C'est presque toujours le fer. Dissous dans l'eau souterraine, il est invisible au pompage. Dès qu'on ajoute du chlore, il s'oxyde et précipite en particules brun-rouille qui colorent l'eau et tachent le revêtement. Le manganèse produit le même phénomène en noir ou violet. Le remède est préventif : injecter un séquestrant métaux avant toute chloration, puis filtrer en continu et passer un floculant si l'eau reste trouble.
Combien de temps faut-il pour remplir une piscine avec un puits ?
Tout dépend du débit réel de l'ouvrage. Une pompe immergée domestique fournit en général de 1 à 3 m³ par heure : pour un bassin de 45 m³, comptez de 15 à 45 heures de pompage effectif. En pratique, il faut souvent davantage : pomper par tranches de quelques heures, en laissant la nappe se recharger, évite d'assécher le puits et d'aspirer le sable du fond de l'ouvrage.
Peut-on remplir sa piscine au puits pendant une restriction sécheresse ?

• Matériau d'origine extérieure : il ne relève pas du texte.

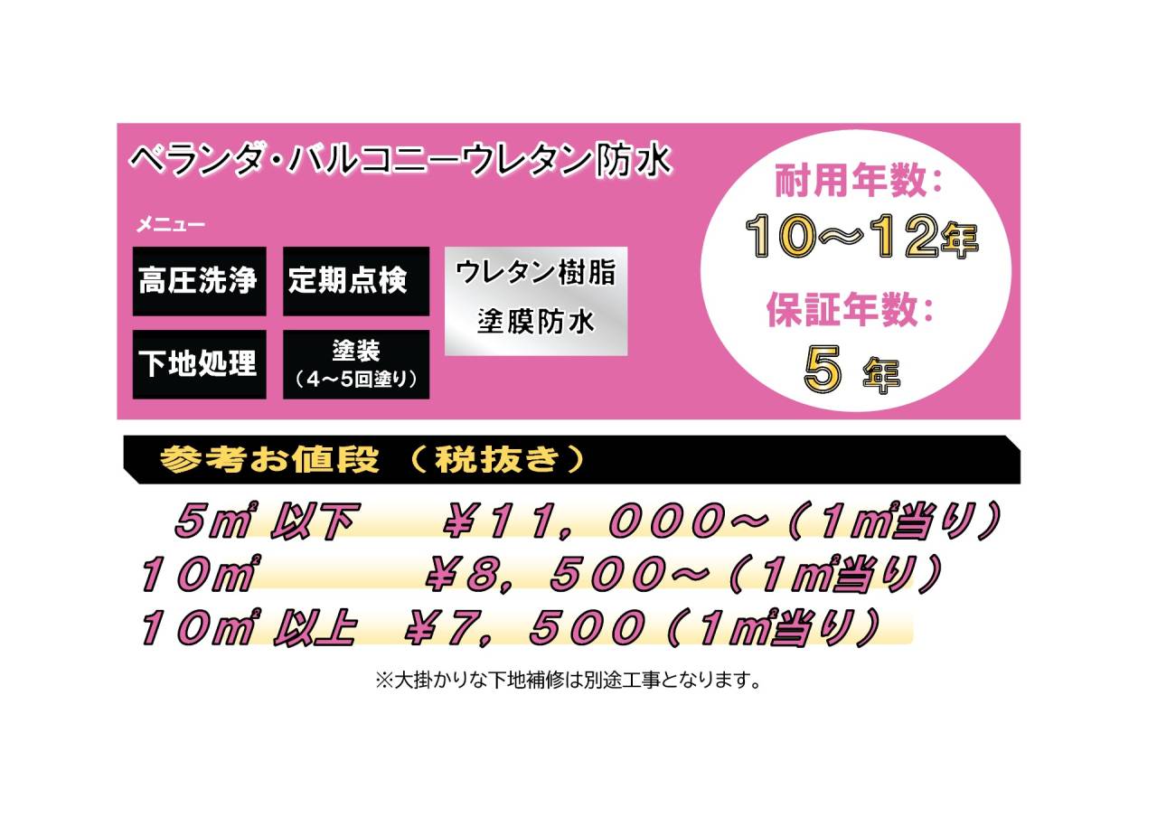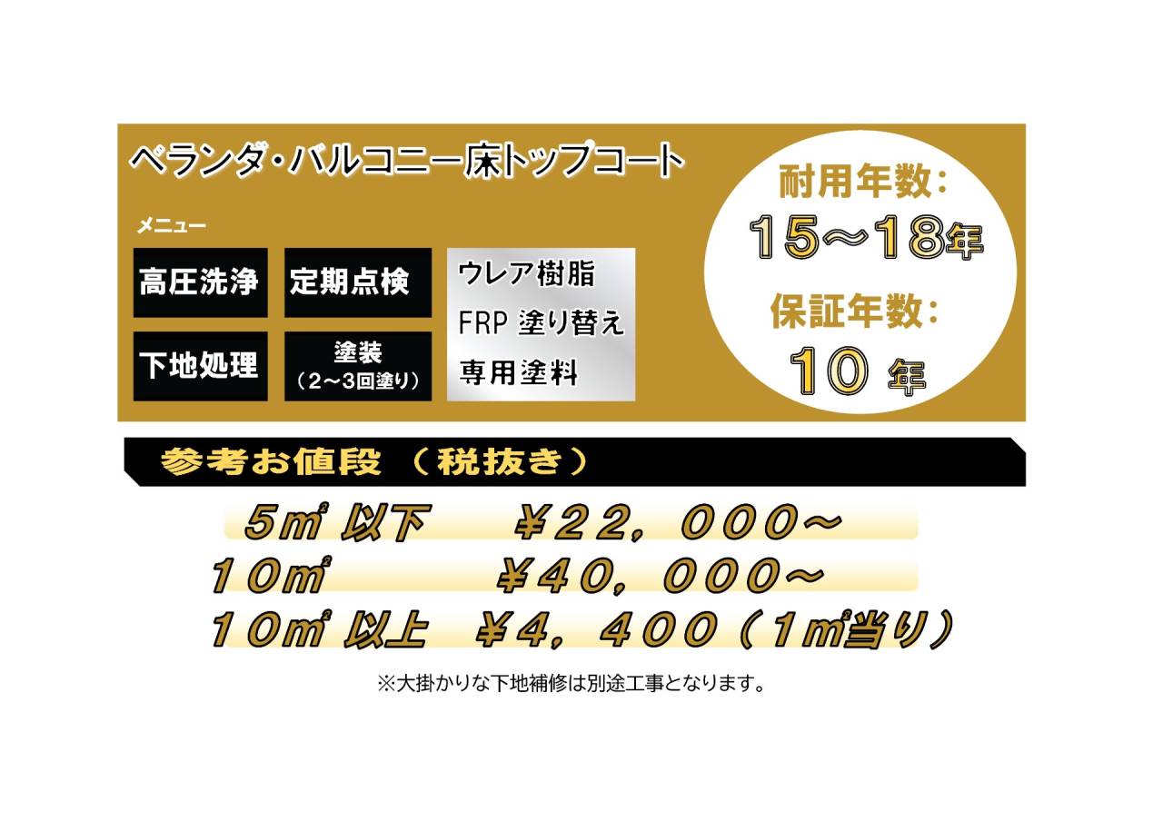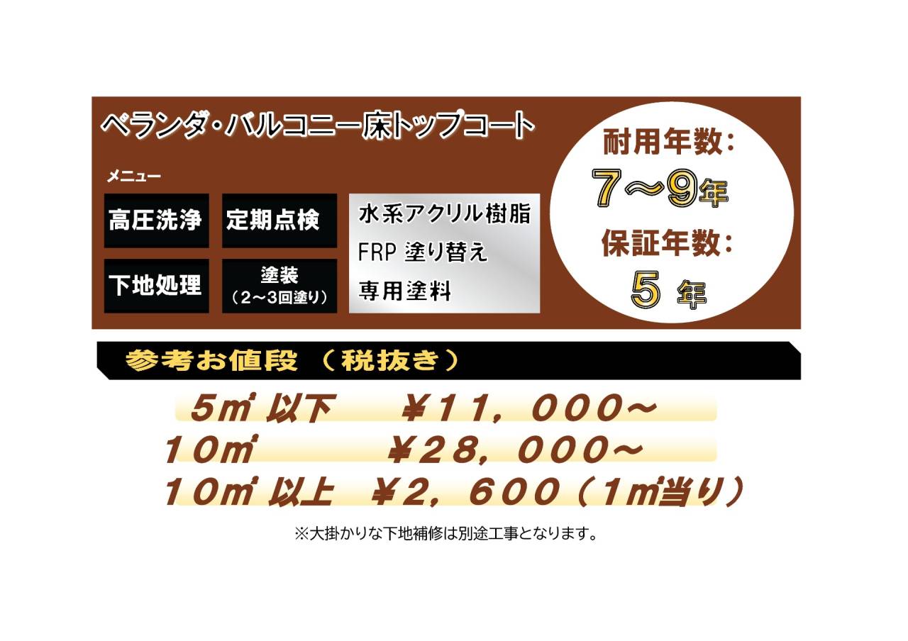 ※住宅のバルコニーやベランダを考慮した金額です。面積が大きい場合、単価は下がる可能性がございます。

En général non. Les arrêtés préfectoraux de restriction visent l'usage — le remplissage des piscines privées — et non la seule eau du réseau public. Selon le niveau d'alerte, ils s'appliquent aussi aux prélèvements dans les nappes, donc aux puits et forages domestiques. Avant de pomper, vérifiez l'arrêté en vigueur dans votre commune : au niveau crise, seule la mise en eau d'un chantier peut parfois être tolérée, sur autorisation.
L'eau de pluie est-elle une meilleure alternative que le puits ?
Pour des appoints, oui : c'est une eau très douce, sans fer ni calcaire, gratuite elle aussi. Mais elle est acide et presque dépourvue de minéraux : utilisée en grande quantité, elle fait chuter le pH et le TAC, qu'il faut remonter. Remplir un bassin entier suppose en outre une capacité de stockage de plusieurs dizaines de mètres cubes, rare chez un particulier. En pratique, la pluie complète un remplissage, elle ne le remplace pas.